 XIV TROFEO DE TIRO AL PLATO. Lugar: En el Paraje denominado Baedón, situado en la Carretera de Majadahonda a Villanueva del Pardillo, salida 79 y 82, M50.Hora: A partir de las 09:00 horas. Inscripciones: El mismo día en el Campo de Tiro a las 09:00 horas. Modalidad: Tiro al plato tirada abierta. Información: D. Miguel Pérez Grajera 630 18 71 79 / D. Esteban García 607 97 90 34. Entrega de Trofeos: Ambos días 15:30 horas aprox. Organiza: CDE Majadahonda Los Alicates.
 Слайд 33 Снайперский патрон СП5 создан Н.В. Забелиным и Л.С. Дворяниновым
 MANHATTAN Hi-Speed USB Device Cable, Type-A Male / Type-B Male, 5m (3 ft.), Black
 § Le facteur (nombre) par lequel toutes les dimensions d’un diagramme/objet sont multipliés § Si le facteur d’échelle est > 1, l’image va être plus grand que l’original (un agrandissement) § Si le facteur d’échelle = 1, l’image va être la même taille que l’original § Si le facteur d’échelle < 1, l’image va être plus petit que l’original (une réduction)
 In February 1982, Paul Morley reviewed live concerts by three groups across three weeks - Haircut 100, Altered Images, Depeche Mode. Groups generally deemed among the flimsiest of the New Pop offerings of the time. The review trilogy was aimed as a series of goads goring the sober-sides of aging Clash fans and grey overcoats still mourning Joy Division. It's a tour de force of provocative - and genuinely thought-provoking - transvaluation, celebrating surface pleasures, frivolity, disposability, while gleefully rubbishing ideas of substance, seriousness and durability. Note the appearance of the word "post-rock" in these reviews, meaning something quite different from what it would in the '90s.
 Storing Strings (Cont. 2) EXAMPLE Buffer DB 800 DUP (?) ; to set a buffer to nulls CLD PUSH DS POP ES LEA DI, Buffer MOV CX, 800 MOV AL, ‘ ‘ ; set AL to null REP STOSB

• • • • • • •

_PROBLEM DETAILS_.
Repeat the material word for word from its opening line up to and including the line containing "In February 1982, Paul".

_EXPECTED ANSWER_.
 XIV TROFEO DE TIRO AL PLATO. Lugar: En el Paraje denominado Baedón, situado en la Carretera de Majadahonda a Villanueva del Pardillo, salida 79 y 82, M50.Hora: A partir de las 09:00 horas. Inscripciones: El mismo día en el Campo de Tiro a las 09:00 horas. Modalidad: Tiro al plato tirada abierta. Información: D. Miguel Pérez Grajera 630 18 71 79 / D. Esteban García 607 97 90 34. Entrega de Trofeos: Ambos días 15:30 horas aprox. Organiza: CDE Majadahonda Los Alicates.
 Слайд 33 Снайперский патрон СП5 создан Н.В. Забелиным и Л.С. Дворяниновым
 MANHATTAN Hi-Speed USB Device Cable, Type-A Male / Type-B Male, 5m (3 ft.), Black
 § Le facteur (nombre) par lequel toutes les dimensions d’un diagramme/objet sont multipliés § Si le facteur d’échelle est > 1, l’image va être plus grand que l’original (un agrandissement) § Si le facteur d’échelle = 1, l’image va être la même taille que l’original § Si le facteur d’échelle < 1, l’image va être plus petit que l’original (une réduction)
 In February 1982, Paul Morley reviewed live concerts by three groups across three weeks - Haircut 100, Altered Images, Depeche Mode. Groups generally deemed among the flimsiest of the New Pop offerings of the time. The review trilogy was aimed as a series of goads goring the sober-sides of aging Clash fans and grey overcoats still mourning Joy Division. It's a tour de force of provocative - and genuinely thought-provoking - transvaluation, celebrating surface pleasures, frivolity, disposability, while gleefully rubbishing ideas of substance, seriousness and durability. Note the appearance of the word "post-rock" in these reviews, meaning something quite different from what it would in the '90s.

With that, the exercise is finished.